In the US, however, there seems to be have been much more consideration of the issue (at least according to my Google search results). Despite recent controversies surrounding the backdating of executive stock options, the general attitude in the US is that backdating is not wrong (or right), per se.
In this Law.com article, the author writes:
“Backdating by itself is not generally, at least with respect to private agreements, illegal. Rather, it is the use of the backdated documents by the parties or their counsel that may violate the law.”
The US approach seems to be founded on the principle that parties to an agreement (or deed) are free to agree that the document is to take effect prior to the date of execution – this is often denoted by dating the document “as of” the earlier date.

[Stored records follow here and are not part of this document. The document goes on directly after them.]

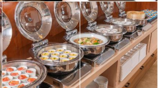
Alpico Plaza Hotel

** ชำระค่าทัวร์ในนามบริษัท ไลออน ทราเวล จำกัด เท่านั้น **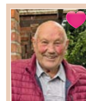
Lieber Friedel, Papa, Opa, Uropa.

Nagelschmiede 10 · 27283 Verden/Aller · Telefon 04231-82117 info@herrenfriseur-verden.de · www.herrenfriseur-verden.de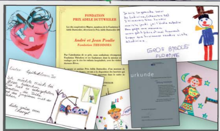
En tant qu'institution reconnue d'utilité publique, la Fondation permet aux donateurs de bénéficier d'une exonération fiscale sur leurs dons. Mais la véritable reconnaissance de la Fondation tient à d'autres éléments: les témoignages des parents, les dessins d'enfants et les prix qui récompensent son action («Prix Duttweiler 2006» et «Prix Doron 2007»).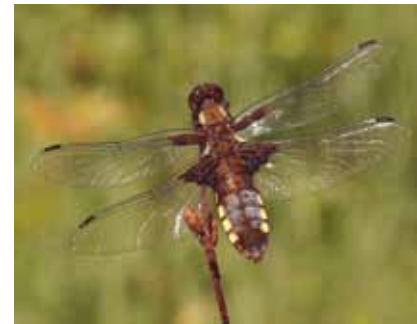
Plattbauchlibelle ( Libellula depressa ), hier ein altes Weibchen, tauchen bald an neu entstandenen Gewässern auf

Wasservögel und Wind bringen weitere Pflanzenarten mit. Besonders schnell erfolgt die Ansiedlung von Rohrkolben und Schilf , deren Samen über große Entfernungen vom Wind transportiert werden. Als Pioniere können sie in kurzer Zeit dichte Röhrichtbestände entwickeln.

In Grubb & Ellis Company v. Bradley Real Estate Trust, the US Court of Appeals (7th Cir. 1990) held that:
“Illinois courts have, in the past, permitted the “relation back” theory of contract effectiveness: that is, contractual terms may be effective for a period before the contract is executed, so long as such coverage is clear from the face of the contract:
In the law of contracts, it is elementary that ordinarily a contract speaks from the day of its date, regardless of when it was executed and delivered. It is of common occurrence in connection with deeds, leases and other contracts that, while they are not in effect at all and have no legal existence until delivered, yet, in respect to the date of delivery, they, in point of commencement, relate back or commence in the future. Such relation back or forward contravenes no principle of law and is determined by the intent of the parties as deduced from the instrument itself.”
As a practical matter, the proper date to put on an agreement is something that corporate counsel is likely to have to make a judgment call on quite often. This is because documents take time to draft, negotiate and execute. It would not be uncommon for there to be a lapse of days or even weeks between the time commercial terms are agreed and the date of final contract execution.
The commonwealth-trained (and more prudent) approach would be to insert the date only when the last party has signed and to use a date no earler than the date of that last signature. This should cover the majority of cases that come across corporate counsel’s desk.
For those instances where a document is intended to take effect retroactively, you should:
- Assess whether the backdating is intended to deceive or harm third parties (including government and regulatory bodies). Only proceed if the answer is no.
- Ascertain if the backdating would violate a law or adversely affect the rights of third parties (including government and regulatory bodies). Only proceed if the answer is no.
- Check your instincts. If something doesn’t feel right, consult another lawyer, external counsel or your professional association.
- If you decide to proceed, always give full disclosure, either by adopting “as of” dating or reciting in the document body that it is intended to have retroactive effect. Also allow for a “date” line in the execution blocks, so that any discrepancies between the dates will be apparent on the face of the document and any suggestion of concealment or deception can be defended.
Most of the suggestions above are derived from this excellent article by Kwall and Duhl, which delves into the subject in detail (albeit from a US law perspective).